É como quando finalmente damos o primeiro beijo na namorada. Resgatando na memória, identificamos naquela festa da escola, ou naquele olhar no retrovisor, um encanto que só poderia desaguar no grande amor de hoje. Ou também no futebol, quando tabelamos desde o nosso campo de defesa numa triangulação predestinada a encher a rede, num belíssimo gol de placa. Mas quantos foram as tabelinhas desperdiçadas pelo centroavante fominha? E quantos olhares em quantos retrovisores não passaram de tentativas mal sucedidas?
Para que nossa arte, nossa labuta, faça algum sentido, é imprescindível que de algum jeito consigamos conectar o presente a nossas ambições de ontem. Se não para construirmos o futuro, como costumamos crer, talvez para amalgamar o passado.
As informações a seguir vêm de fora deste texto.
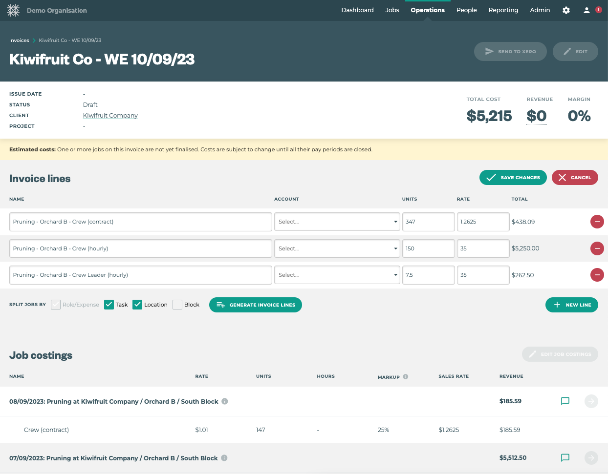 If you’re happy with the invoice lines you can send these to Xero which will create a draft invoice in your Xero account.
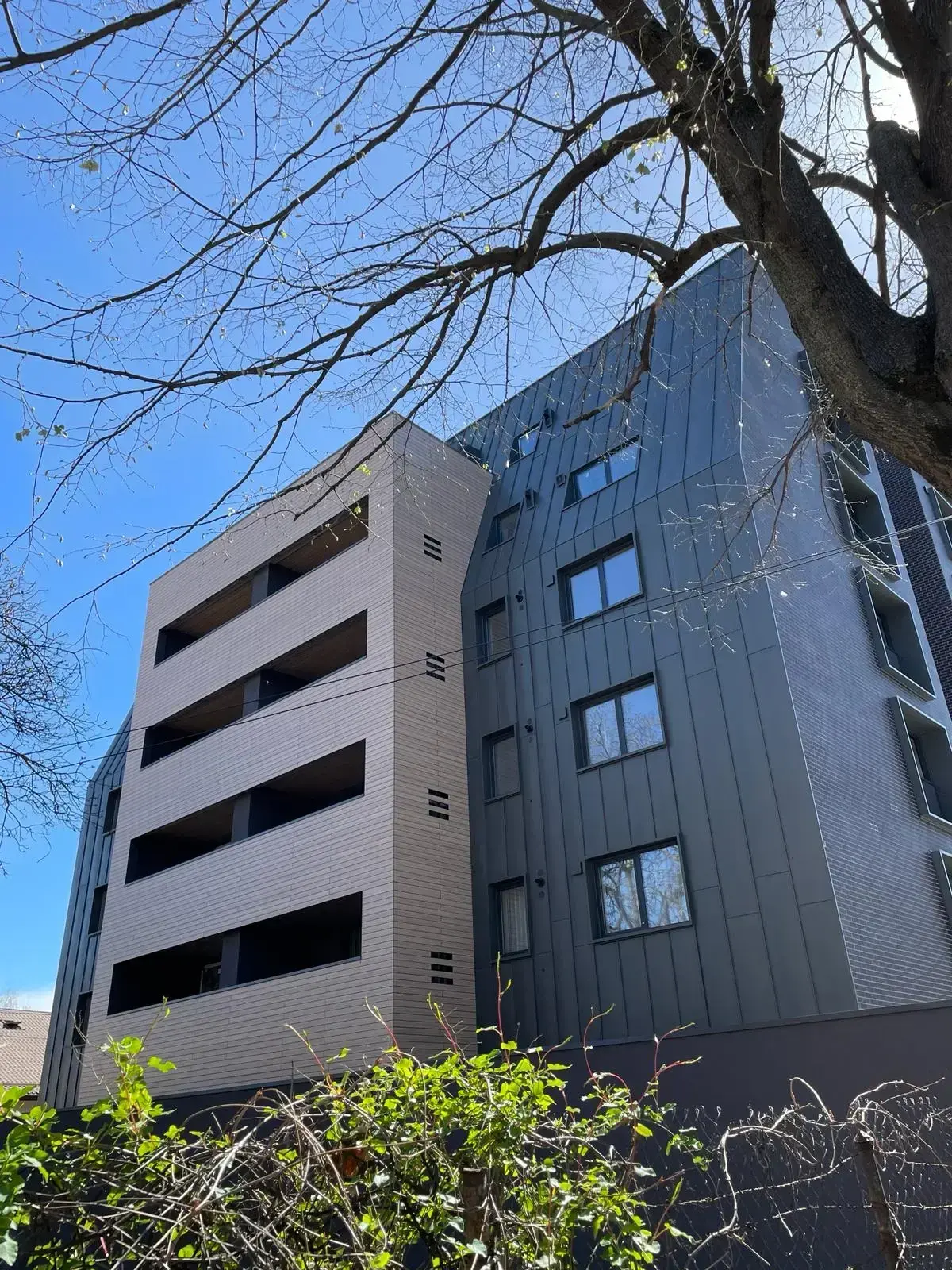 Fatada ventilată cu plăci HPL și cărămidă aparentă tip Klinker, respectând riguros randările prezentate din punct de vedere coloristic.

Pois é com isto que o governo do PT e o presidente Lula estão lidando. Tenhamos participado mais ou menos ativamente da política nos últimos 30 anos, temos que reconhecer que o PT foi o portador da caneta que parecia predestinada a ligar os pontos de nossa história. Os chumbos da ditadura, as manifestações de rua, o Julinho de Adelaide, a luta pelas Diretas-Já, os desenhos do Henfil, os esforços da Constituinte, o Dr. Ulisses, o impeachement de Collor, o sufoco do FHC, todo este amontoado de vida só comporia um roteiro inteligível se tivéssemos finalmente desaguado em algum mar. Aquele leito caudaloso, expressão talvez das duras escarpas que nos acompanharam ao longo do tempo, não poderia terminar assim, absorvido pela areia da costa, empapuçando um mangue que parece não ter fim. Sem um mar, não haverá rio, nem córregos, nem nascentes.